New Vs Edit Components in React

I have been working on this app taht will store medical resources for students and physicians to reference quickly…react is a great choice due to the speed of the SPA. I’m a little stuck on how to progress now.

I have complex object (nested objects/arrays with nested objects/arrays), and spent about 8 days creating the “new” form which ended up being about 5 components with some conditional rendering depending on the type of new object being added. Here’s the form… each of the dropdowns expands, one has an embedded form as well.

Next, I’m trying to add editing features to my app. I will need to use a different database query of course to update rather than create. I’m wondering if I should handle all that conditionally within one component … or have it as two separate concerns.

I have done the recipe front end react challenge, but this is more complex. I’m not sure of there is a standard answer or if it can be done both ways…or if there is a best practice.
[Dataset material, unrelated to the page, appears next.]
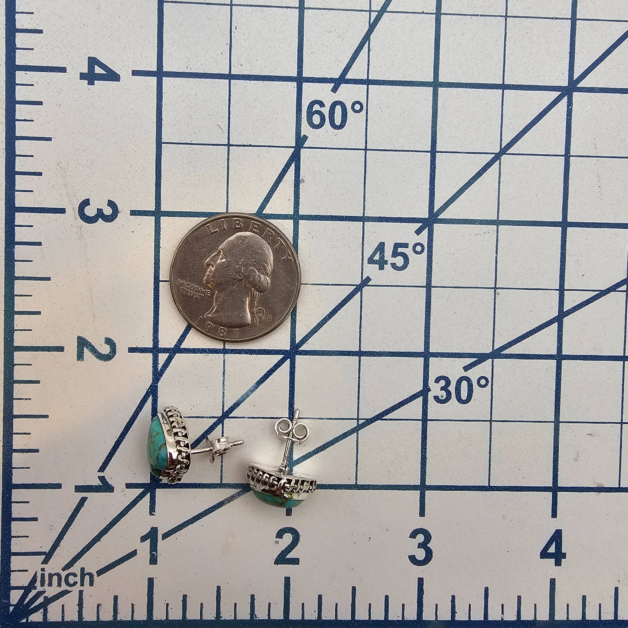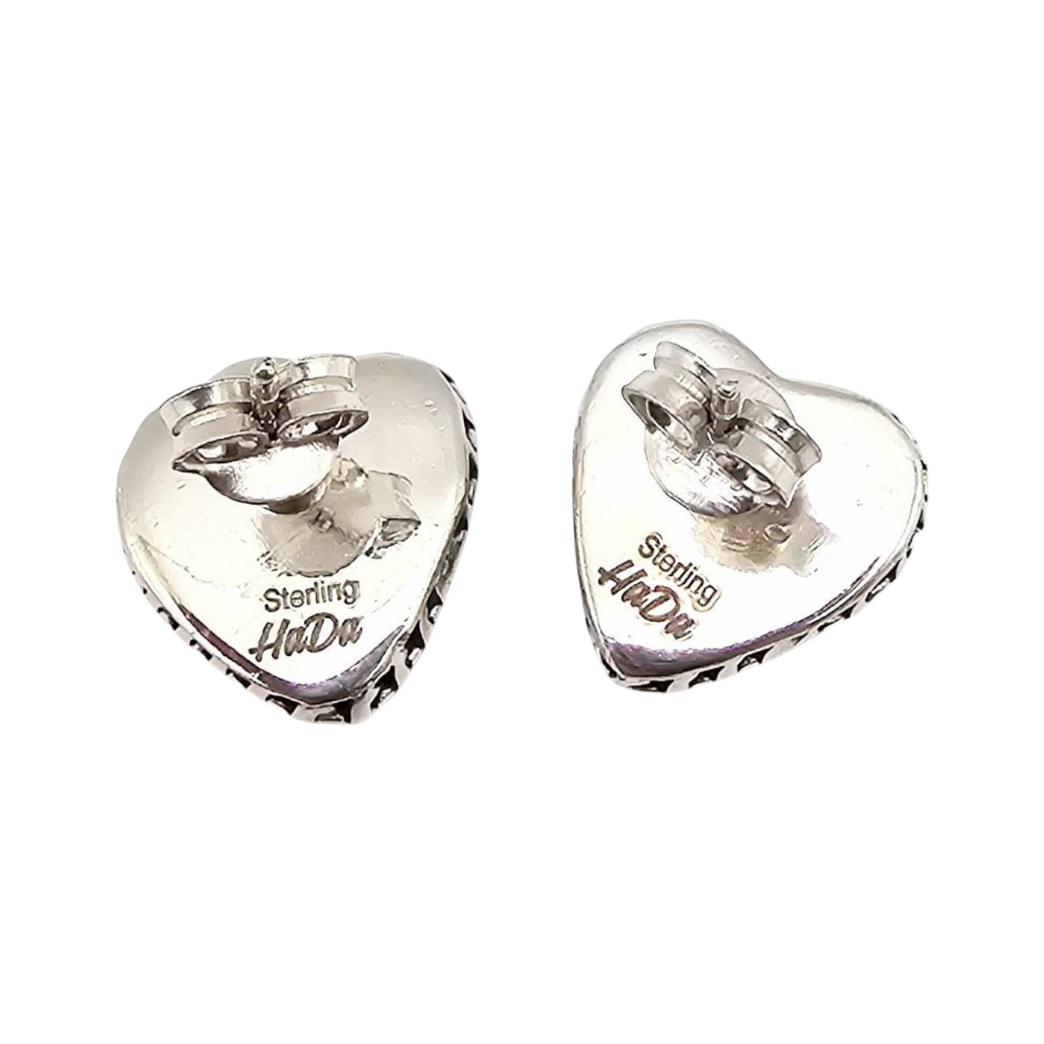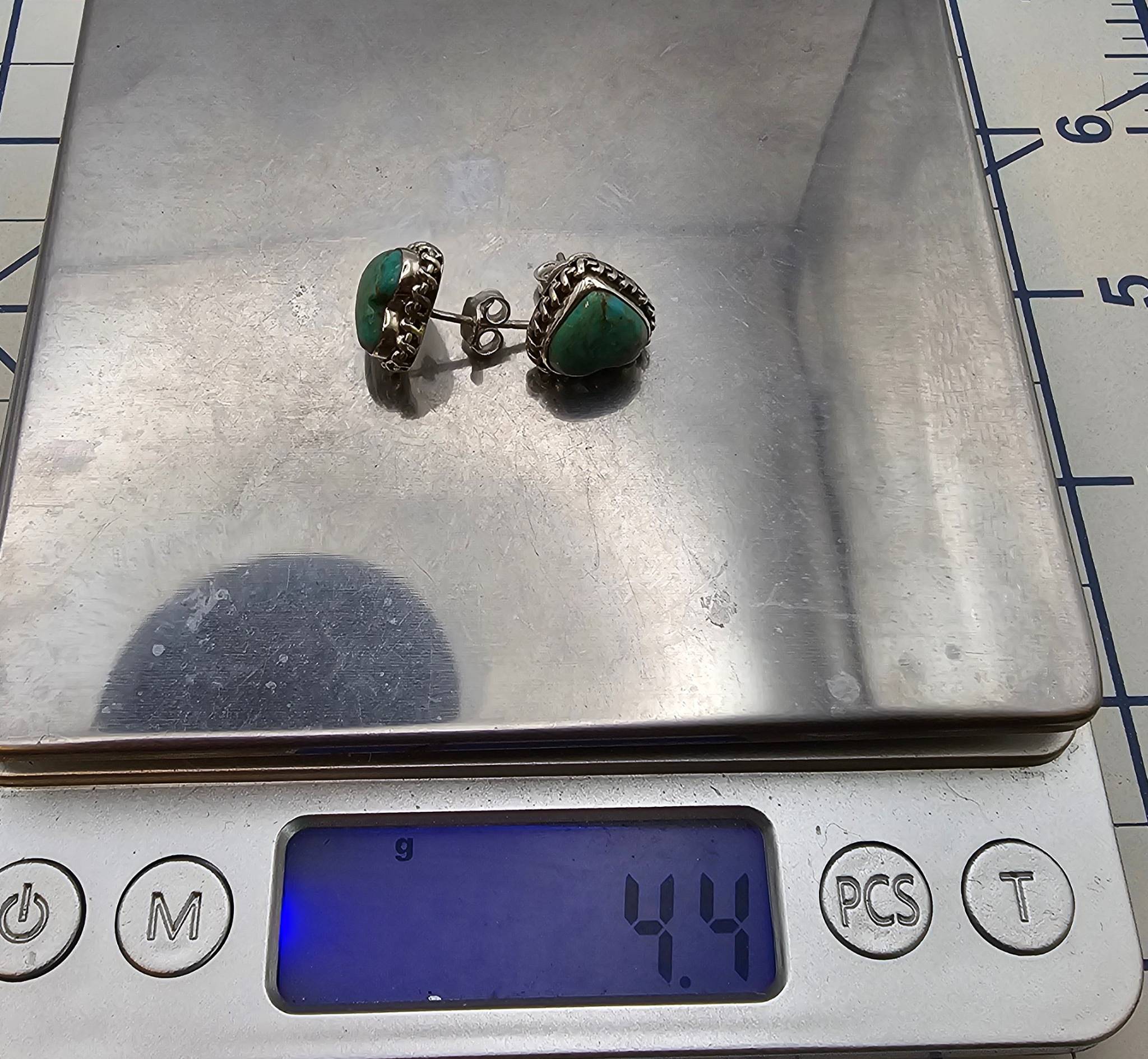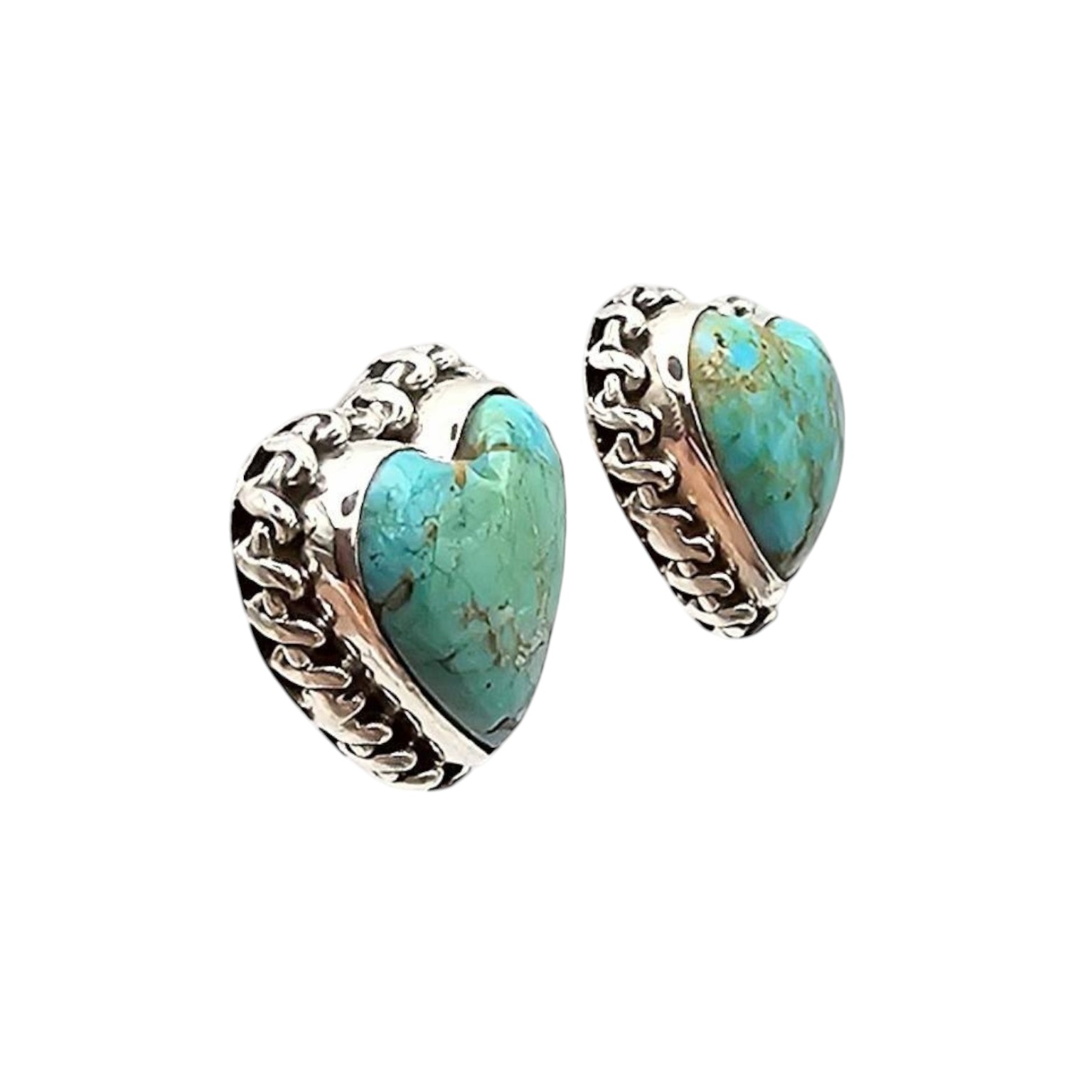Heart-shaped earrings from the Hada Collection made with Kingman turquoise stones set in sterling silver. The total weight is 4.4 grams. Features secure post backs and detailed silverwork around each stone.

Also, I’m not sure why I’m having a mental block with this, maybe because it’s react and not EJS

If you’re going to edit or add new, create that action (method) within your state handler (whatever component is holding all of the objects you’re displaying). Pass down this method from your state handler to whatever components require the action (maybe a modal with a new/edit button). Then have your database return all of the documents you want to display and replace your state so those changes propagate automatically to any components that utilize that state.

You can also have the DB send back just the updated document and then update your state by cloning your state, iterating over the cloned object, checking if a similar document exists and, if so, update and, if not, add. Then set your state to the new cloned object and it should propagate down.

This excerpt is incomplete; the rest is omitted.